Dig in to Find the “True” Problem Before Your Brain Creates a Alternative One

“You are receiving this email because your child’s math homework assignments are late. Please address this with them and ensure all homework is turned in on time.”

What do you mean my son’s homework is late? I thought he was good at math. This doesn’t make any sense!

Then the questions started coming into my head fast and furious:

  • Is he struggling in math?
  • Does he need tutoring?
  • Is he cutting class?
  • If he’s cutting class, is he hanging with the wrong crowd?
  • Do I really know his friends?
  • I bet he’s skipping class!
  • He’s hanging around some older kids that are influencing him!
  • He wants to drop out of school!

When he got home, I took a breath and told him about the email. I was ready for battle depending on what he said. His response; “Yeah dad, I get my work done but I forget my papers in my bag or locker and don’t bring them to class until I remember. I’m just not organized. I’ll try to do better.”

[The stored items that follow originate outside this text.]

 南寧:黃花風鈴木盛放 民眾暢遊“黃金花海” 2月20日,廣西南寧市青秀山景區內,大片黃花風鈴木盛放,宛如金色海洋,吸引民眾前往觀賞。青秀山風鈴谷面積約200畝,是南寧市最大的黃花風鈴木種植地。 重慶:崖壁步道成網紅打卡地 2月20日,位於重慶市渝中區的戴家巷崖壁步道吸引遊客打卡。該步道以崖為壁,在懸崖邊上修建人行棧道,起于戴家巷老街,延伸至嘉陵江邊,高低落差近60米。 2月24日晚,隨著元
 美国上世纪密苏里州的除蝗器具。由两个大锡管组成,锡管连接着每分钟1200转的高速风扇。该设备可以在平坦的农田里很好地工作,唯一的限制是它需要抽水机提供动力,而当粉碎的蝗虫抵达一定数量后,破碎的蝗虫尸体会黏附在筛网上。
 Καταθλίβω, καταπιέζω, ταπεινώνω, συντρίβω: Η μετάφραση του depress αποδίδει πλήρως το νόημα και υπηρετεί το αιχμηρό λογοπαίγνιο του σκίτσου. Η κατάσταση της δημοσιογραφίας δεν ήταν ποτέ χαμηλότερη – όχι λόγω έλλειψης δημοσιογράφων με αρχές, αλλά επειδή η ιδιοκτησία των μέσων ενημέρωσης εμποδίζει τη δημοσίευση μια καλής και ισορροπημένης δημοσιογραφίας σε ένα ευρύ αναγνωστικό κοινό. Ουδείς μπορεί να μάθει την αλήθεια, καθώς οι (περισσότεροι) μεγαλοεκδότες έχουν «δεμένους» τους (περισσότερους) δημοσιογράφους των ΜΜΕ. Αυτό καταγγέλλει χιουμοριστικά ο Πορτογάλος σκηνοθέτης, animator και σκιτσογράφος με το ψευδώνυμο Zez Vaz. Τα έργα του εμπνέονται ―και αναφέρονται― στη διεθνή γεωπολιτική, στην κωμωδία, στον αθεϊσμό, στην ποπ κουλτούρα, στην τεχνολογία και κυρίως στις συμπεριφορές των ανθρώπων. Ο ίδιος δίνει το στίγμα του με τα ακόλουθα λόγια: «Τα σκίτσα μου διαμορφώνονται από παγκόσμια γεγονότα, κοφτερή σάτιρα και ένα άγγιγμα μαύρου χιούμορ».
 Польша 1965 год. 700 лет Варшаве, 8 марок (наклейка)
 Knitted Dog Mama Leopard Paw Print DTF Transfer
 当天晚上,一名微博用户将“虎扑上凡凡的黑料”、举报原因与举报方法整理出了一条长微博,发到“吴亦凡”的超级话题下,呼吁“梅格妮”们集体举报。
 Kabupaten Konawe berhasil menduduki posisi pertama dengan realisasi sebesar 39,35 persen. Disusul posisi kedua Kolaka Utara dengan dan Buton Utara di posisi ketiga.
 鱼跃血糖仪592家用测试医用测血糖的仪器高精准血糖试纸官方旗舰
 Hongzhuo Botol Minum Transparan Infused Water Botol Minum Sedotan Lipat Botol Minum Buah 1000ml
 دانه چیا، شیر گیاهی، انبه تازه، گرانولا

So no cutting class and hanging around with the wrong kids? OK, I can deal with disorganized. After we talked for a little bit, we figured out he needed a new folder that he can carry around at all times. We went and bought it that very night. Within two days, all late homework was turned in!

When I read the email his homework was late, my mind right away went from he needs help to ready to pissed off. I bet this took less than a minute to happen!

This experience was a lesson. We are all faced with issues that arise at any time. Sometimes people mess up. However, you can’t expect perfection all the time. When you need to have a conversation, listen to identify the “TRUE” issue instead of letting your mind create an alternative reality.